For organizations moving/migrating to the public cloud (as 56% are planning to do by 2021 according to IDG Enterprise’s 2015 Cloud Survey), Ziften uses unequaled visibility into cloud servers to better monitor and secure the total infrastructure.
In Google’s environment, only corporate owned devices (COPE) are permitted, while crowding out bring your own device (BYOD). This works for a company like Google that can hand out brand-new devices to all staff – smart phone, tablet, laptop, and so on. Part of the reason for that is the vesting of identity in the device itself, plus user authentication as usual. The device should meet Google requirements, having either a TPM or a software equivalent of a TPM, to hold the X. 509 cert used to confirm device identity and to facilitate device-specific traffic file encryption. There should be numerous agents on each endpoint to verify the device recognition asserts called out in the access policy, which is where Ziften would have to partner with the systems management agent service provider, given that it is likely that agent cooperation is necessary to the process.

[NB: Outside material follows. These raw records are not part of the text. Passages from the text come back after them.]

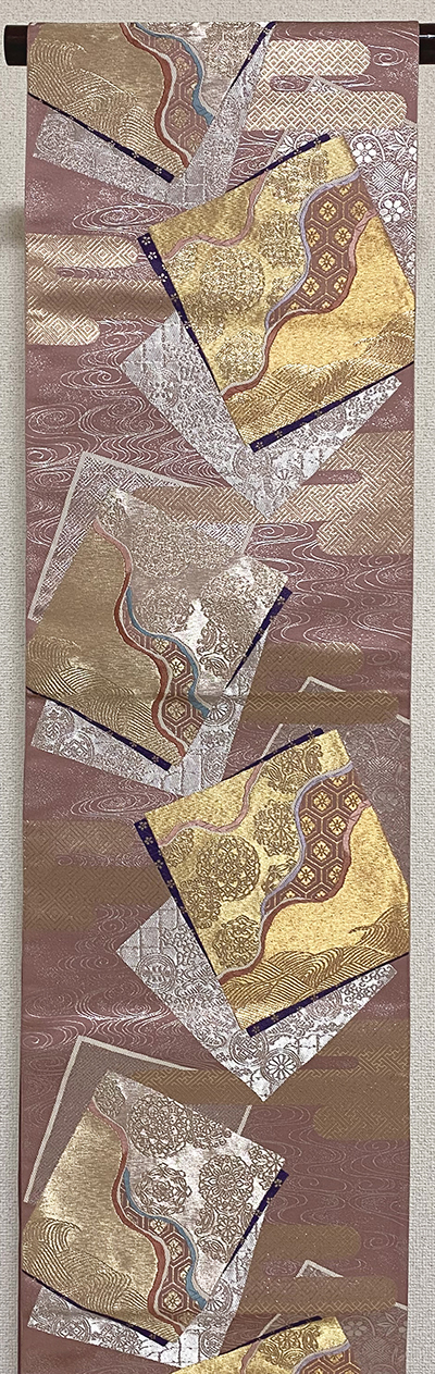 薄手で張りのある錦の地織りで、藤ローズ色の優しい色の地織りに、流水と雲や色紙の柄に花柄を加え金糸金箔と銀糸銀箔に少しの青色や紫色などを加えて織った品。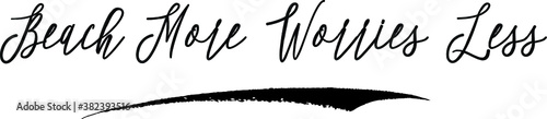 Beach More Worries Less Brush Calligraphy Handwritten Typography Text on White Background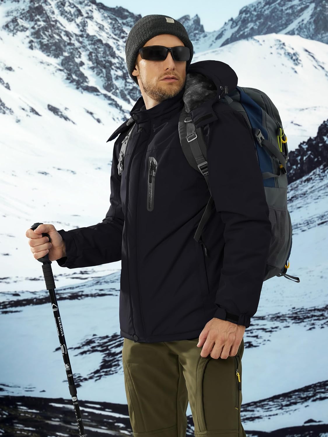 TACVASEN Men’s Ski Snowboard Jacket Warm Winter Windproof Hiking Fishing Travel Fleece Lined Jacket Hooded with Pockets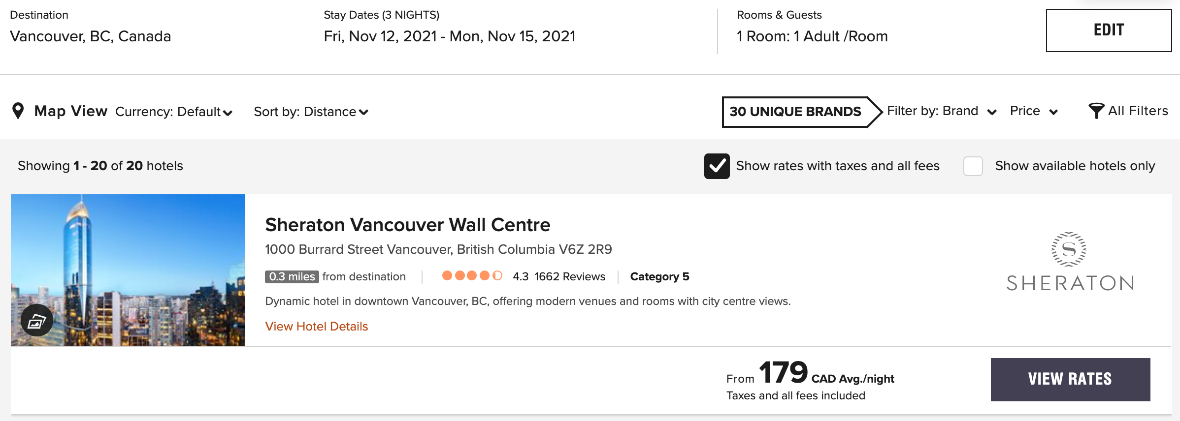Here’s an example for the Sheraton Vancouver Wall Centre, going for $189/night (including taxes and fees) on a November weekend: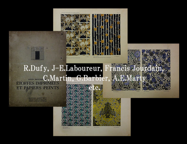 単色印刷分含め47葉は、そのほとんど全てがアールデコ様式と云えるもので、デザイナーとしてクレジットされている名前を見れば、ラウル・デュフィ、ラブ ルールといった画家からマルティ、マルタン、バルビエといった往時のイラストレーターまで、これはもうまるで『ガゼット・デュ・ボン・トン』はじめ、当時の高級モード雑誌のラインナップに等しい面々。インテリアへの「流行」「時流」の導入も、ここまでくれば堂に入ったものと云えましょうか。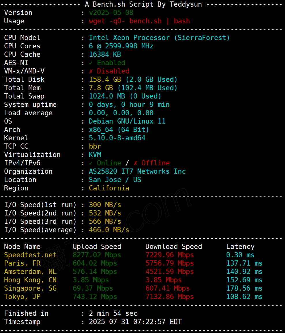 今天给大家带来的是搬瓦工美国圣何塞机房(US: San Jose, California (CT CN2GIA-E, CMIN2, CUP) [USCA_SJC5])的评测,搬瓦工圣何塞机房和洛杉矶机房一样属于美西机房,同属于美国西部地区,距离中国大陆地理距离上近一些,所以也是很多做优化路线的IDC商家集中的大型机房。本文我们将从速度延迟丢包率VPS性能等方面测试搬瓦工圣何塞机房的套餐数据,从测得面板数据角度分析与其他美西机房有何不同,是否值得购买。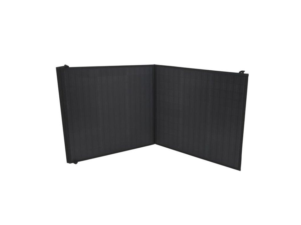 Sestava skládací konstrukce panelu je osazena dvěma panely, kdy každý má rozměr cca 48 x 50 cm. Plně rozložený panel tak má rozměry 102 x 52 cm. Zadní strana je doplněna dvěma podstavci, pro zapření panelu do funkční polohy a kapsou ukrývající napájecí kabel.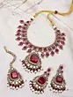 Red Kundan Stone Studded Necklace Set with Matching Earrings and Maang Tikka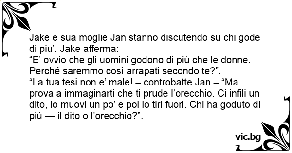 “La tua tesi non e’ male! – controbatte Jan – “Ma prova a immaginarti che ti рrudе l’orecchio. Ci infili un dito, lo muovi un po’ e poi lo tiri fuori. Chi ha goduto di più — il dito o l’orecchio?”.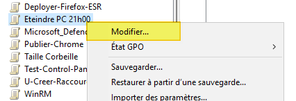 Dès lors que la GPO est créée, il faut la modifier : clic droit sur "Eteindre PC 21h00" puis "Modifier".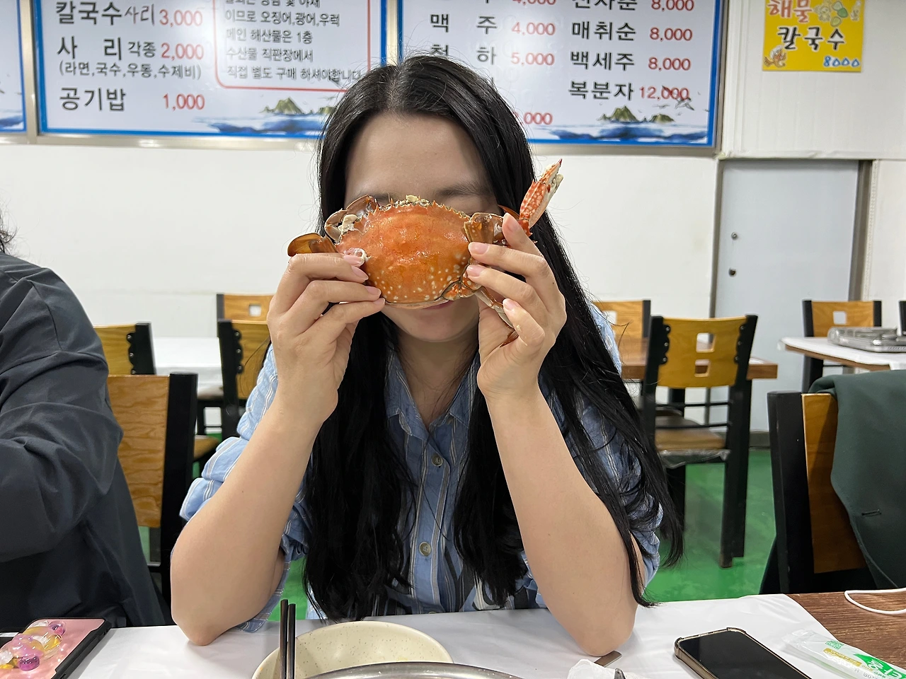 특히 꽃게에 대해선 누구보다 전문성 있게 먹을 수 있는 우리 부부는, 이 싱싱한 꽃게를 마음껏, 한껏 먹었고 꽃게 먹기에 서투른 다른 부부들 역시 지금만 맛볼 수 있는 이 각별한 게미진 맛을 천천히 오래 즐겼다.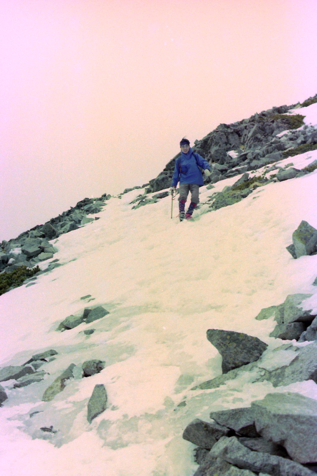 5月2日8:00pm北コンコースへ。「ちくま」の行列は、と見ると何んと中央コンコース。しかも二重三重の長蛇の列で松本まで立ちんぼうを覚悟したが大明神様の霊験で指定がとれたので勇躍列を離れて乗り込んだ。座席にはありついたものの結局眠れず、睡眠不足で危うくピッケルを忘れるところだった。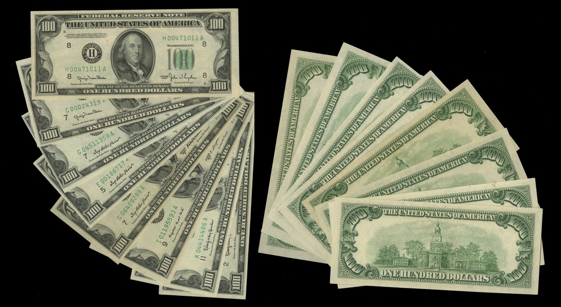 1950 $100 Federal Reserve Note Type Assortment. Fr. 2157H. St. Louis. Unc.; Fr. 2157Gm*. Star. Chicago. Unc.; 1950A. Fr. 2158G. Chicago. AU; Fr.2158E*. Choice EF; 1950B. Fr.2159G. Chicago. EF; 1950C. Fr. 2160I. Minneapolis. AU; 1950D. Fr.2161K. Dallas. Unc.; and 1950E. Fr.2162B. New York. Unc. [8].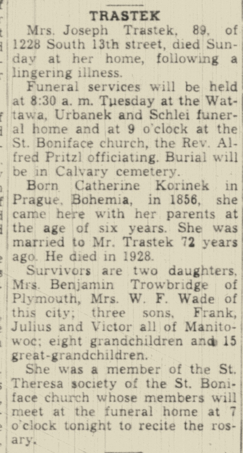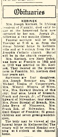 - Katherine Korinek b. Jun 1856, d. 21 Oct 1945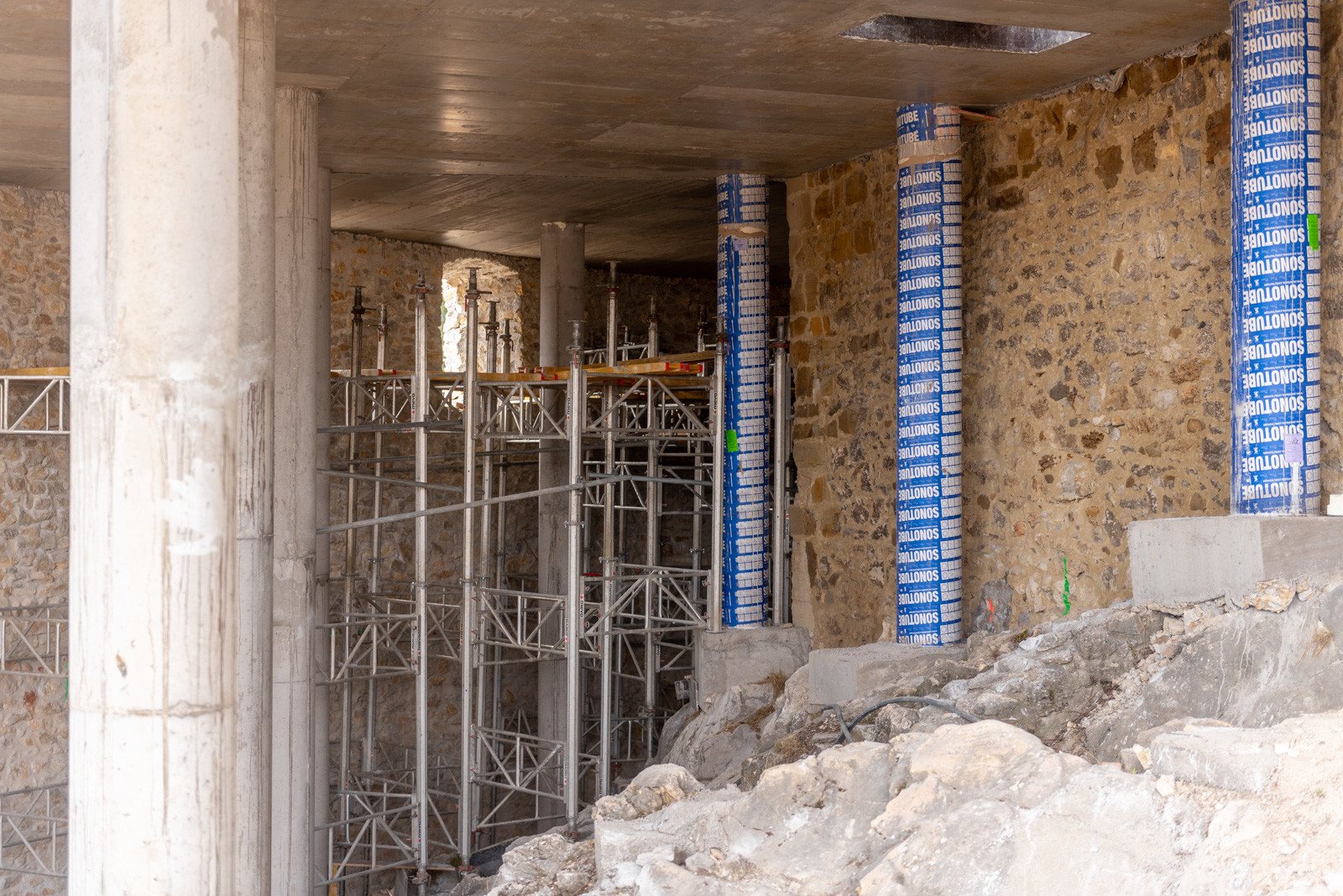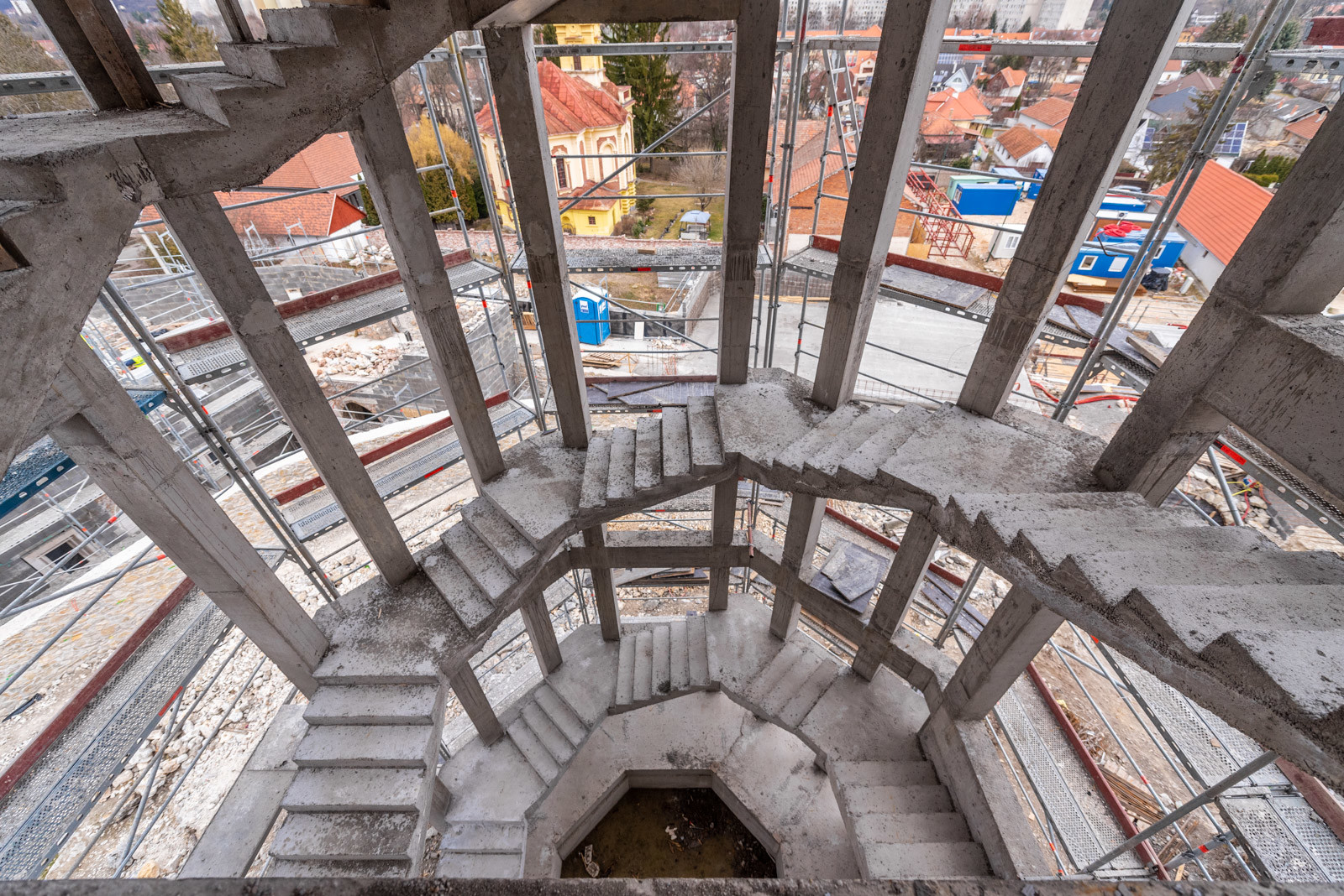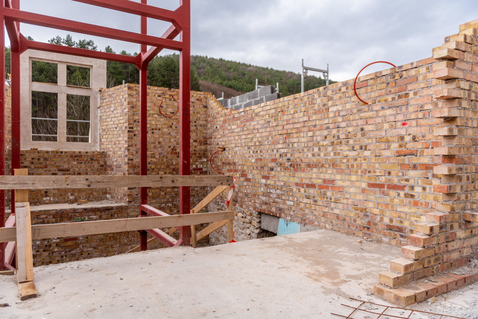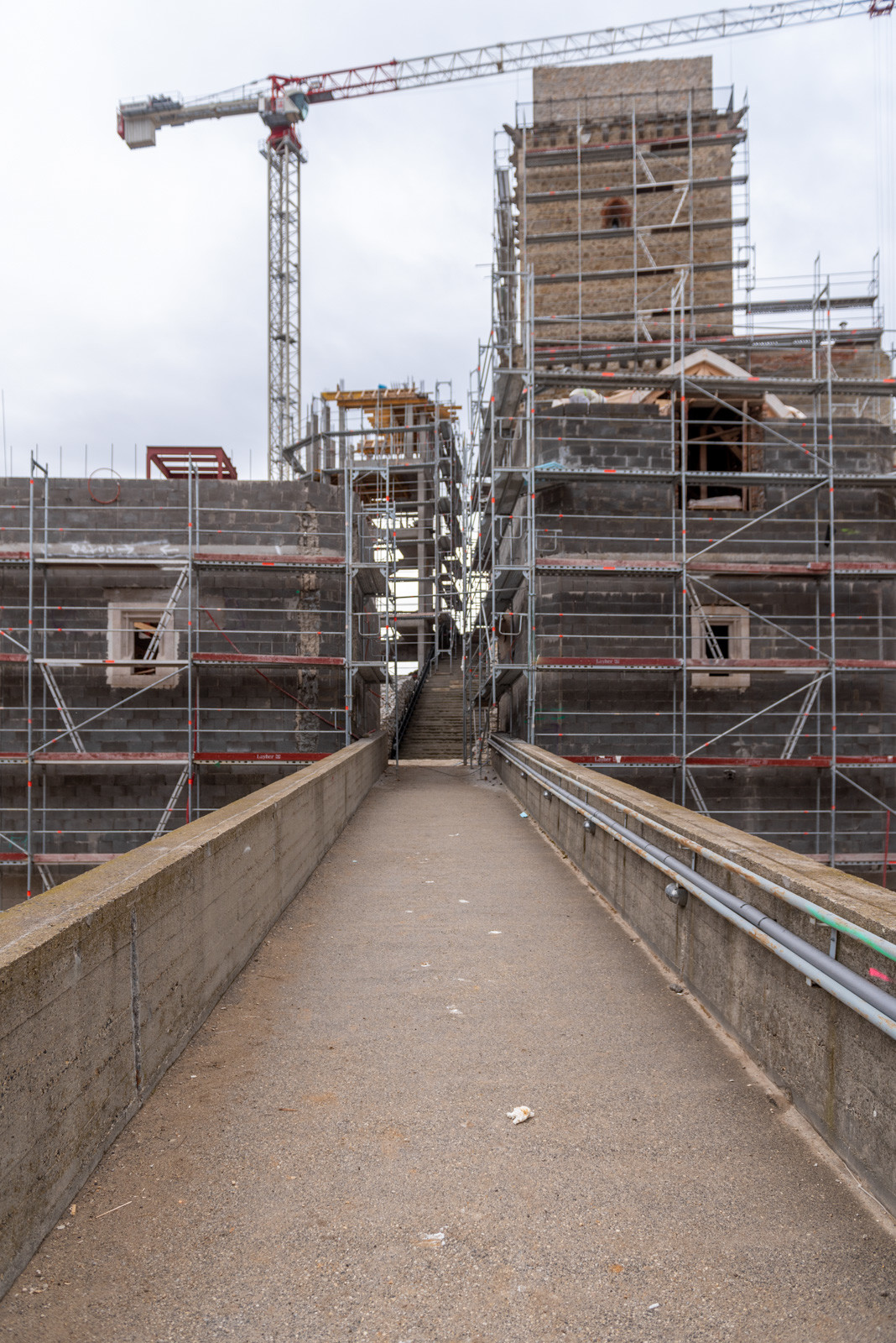 Itt szintén haladtak az utóbbi időben a kivitelezők a feladatokkal, melyek közül többek között az ikertonyok kőbordákkal erősített keresztboltozatainak falazásáról tájékoztatták lapunkat az Épkar szakemberei. Érdekességképpen itt azt emelték ki, hogy ezt a munkát több, fából készült keresztboltozati szerkezet felhasználásával végzik el, melyeket a gyártmánytervek alapján egy professzionális ács csapat készített el.

In summary, Google has developed a world-class option, but its applicability and functionality is limited to organizations like Alphabet.
Ziften provides the exact same level of functional visibility and security protection to the masses, utilizing a light-weight agent, metadata/network flow tracking (from the endpoint), and a best-in-class console. For organizations with specialized needs or incumbent tools, Ziften provides both an open REST API and an extension framework (to enhance consumption of data and activating response actions).
This yields the benefits of the BeyondCorp design to the masses, while securing network bandwidth and endpoint (machine) computing resources. As companies will be slow to move entirely far from the enterprise network, Ziften partners with firewall and SIEM vendors.
Lastly, the security landscape is steadily shifting towards managed detection & response (MDR). Managed security companies (MSSP’s) offer traditional monitoring and management of firewall programs, gateways and border invasion detection, however this is inadequate. They lack the skills and the technology.
Ziften’s system has actually been evaluated, integrated, approved and executed by a number of the emerging MDR’s, highlighting the standardization (ability) and versatility of the Ziften platform to play a key function in removal and event response.